## What you should do
Exactly reproduce the lines of the listing below from the one containing "近日,江蘇省藥監(jiān)" through the one containing "Red Butterfly and Hearts Lower Back Tattoo". Skip the images.

## Input
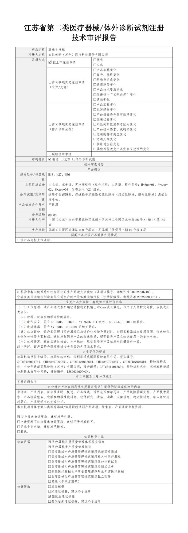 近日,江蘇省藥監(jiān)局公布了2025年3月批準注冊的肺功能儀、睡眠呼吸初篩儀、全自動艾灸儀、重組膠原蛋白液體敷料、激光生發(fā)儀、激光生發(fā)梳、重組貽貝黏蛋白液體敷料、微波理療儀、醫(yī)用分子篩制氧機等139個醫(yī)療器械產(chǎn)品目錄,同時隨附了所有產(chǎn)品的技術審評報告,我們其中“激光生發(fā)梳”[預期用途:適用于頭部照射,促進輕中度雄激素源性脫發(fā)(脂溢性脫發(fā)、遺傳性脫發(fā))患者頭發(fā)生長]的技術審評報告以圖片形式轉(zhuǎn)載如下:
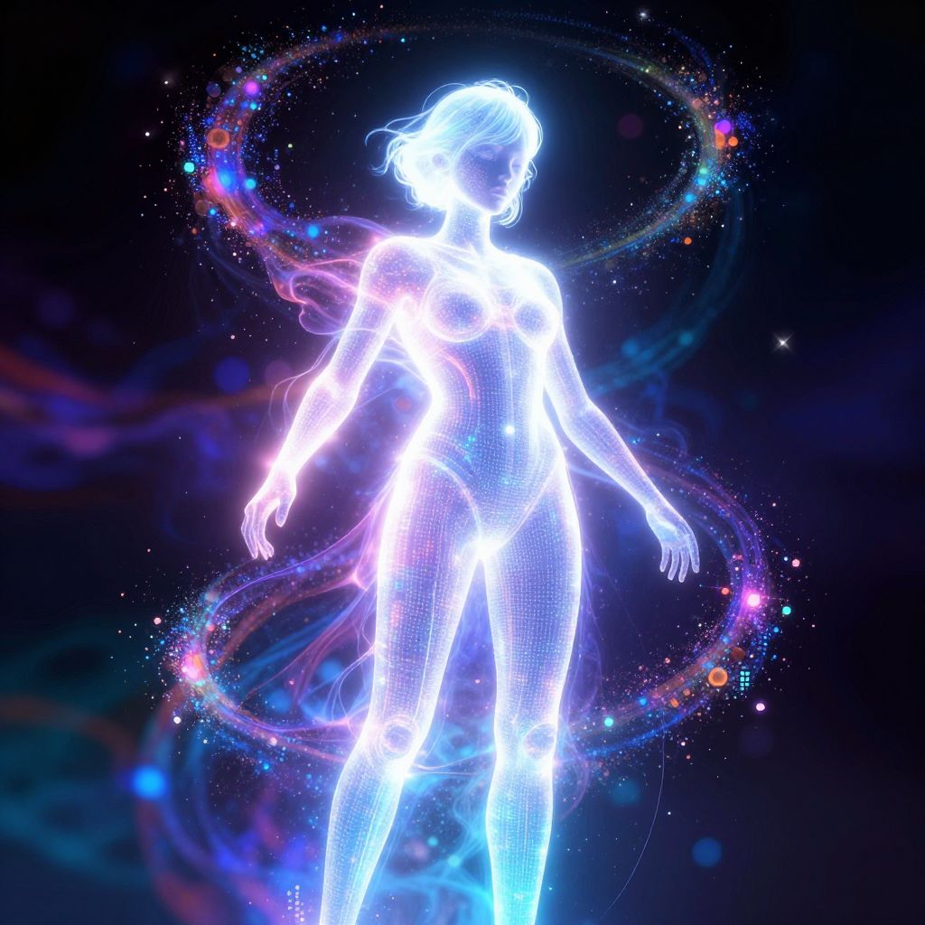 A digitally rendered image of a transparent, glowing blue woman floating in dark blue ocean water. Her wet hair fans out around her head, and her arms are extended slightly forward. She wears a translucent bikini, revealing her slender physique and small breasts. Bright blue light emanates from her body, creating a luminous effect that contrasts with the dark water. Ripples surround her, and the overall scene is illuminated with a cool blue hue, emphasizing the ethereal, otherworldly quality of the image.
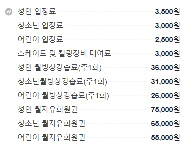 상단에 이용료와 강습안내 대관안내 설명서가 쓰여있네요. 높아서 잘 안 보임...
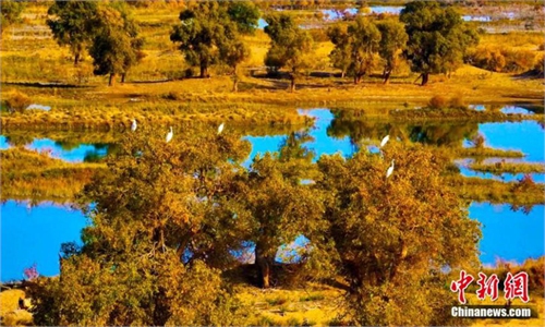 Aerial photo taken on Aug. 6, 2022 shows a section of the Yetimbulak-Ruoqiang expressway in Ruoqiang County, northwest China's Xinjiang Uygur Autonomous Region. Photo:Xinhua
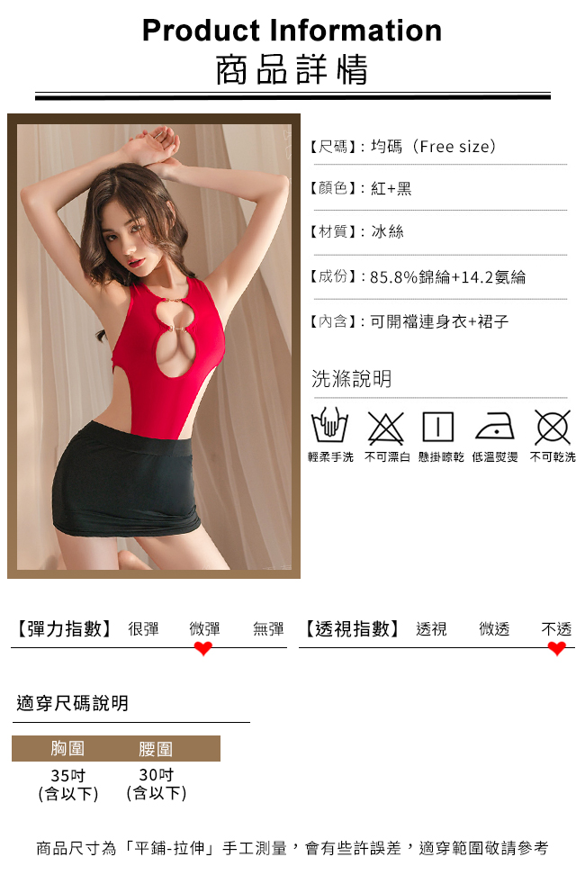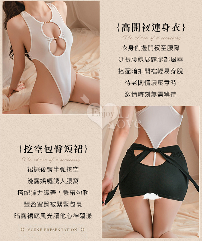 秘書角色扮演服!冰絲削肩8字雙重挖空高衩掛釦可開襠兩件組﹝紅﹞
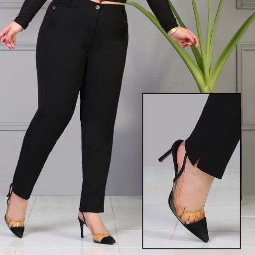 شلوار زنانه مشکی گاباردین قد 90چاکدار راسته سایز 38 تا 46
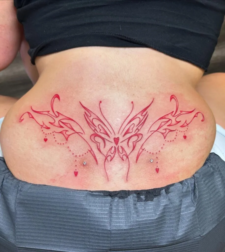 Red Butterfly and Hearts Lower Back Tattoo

--

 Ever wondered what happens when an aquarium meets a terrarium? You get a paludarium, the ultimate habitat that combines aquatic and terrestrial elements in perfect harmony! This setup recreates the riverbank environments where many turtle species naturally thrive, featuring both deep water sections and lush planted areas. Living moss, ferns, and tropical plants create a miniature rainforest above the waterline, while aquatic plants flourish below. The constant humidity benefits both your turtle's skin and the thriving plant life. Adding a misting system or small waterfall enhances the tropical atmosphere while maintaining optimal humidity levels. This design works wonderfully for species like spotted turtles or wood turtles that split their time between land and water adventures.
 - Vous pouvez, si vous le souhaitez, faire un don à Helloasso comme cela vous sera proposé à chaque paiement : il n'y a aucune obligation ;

## Response for this exercise
 近日,江蘇省藥監(jiān)局公布了2025年3月批準注冊的肺功能儀、睡眠呼吸初篩儀、全自動艾灸儀、重組膠原蛋白液體敷料、激光生發(fā)儀、激光生發(fā)梳、重組貽貝黏蛋白液體敷料、微波理療儀、醫(yī)用分子篩制氧機等139個醫(yī)療器械產(chǎn)品目錄,同時隨附了所有產(chǎn)品的技術審評報告,我們其中“激光生發(fā)梳”[預期用途:適用于頭部照射,促進輕中度雄激素源性脫發(fā)(脂溢性脫發(fā)、遺傳性脫發(fā))患者頭發(fā)生長]的技術審評報告以圖片形式轉(zhuǎn)載如下:
 A digitally rendered image of a transparent, glowing blue woman floating in dark blue ocean water. Her wet hair fans out around her head, and her arms are extended slightly forward. She wears a translucent bikini, revealing her slender physique and small breasts. Bright blue light emanates from her body, creating a luminous effect that contrasts with the dark water. Ripples surround her, and the overall scene is illuminated with a cool blue hue, emphasizing the ethereal, otherworldly quality of the image.
 상단에 이용료와 강습안내 대관안내 설명서가 쓰여있네요. 높아서 잘 안 보임...
 Aerial photo taken on Aug. 6, 2022 shows a section of the Yetimbulak-Ruoqiang expressway in Ruoqiang County, northwest China's Xinjiang Uygur Autonomous Region. Photo:Xinhua
 秘書角色扮演服!冰絲削肩8字雙重挖空高衩掛釦可開襠兩件組﹝紅﹞
 شلوار زنانه مشکی گاباردین قد 90چاکدار راسته سایز 38 تا 46
 Red Butterfly and Hearts Lower Back Tattoo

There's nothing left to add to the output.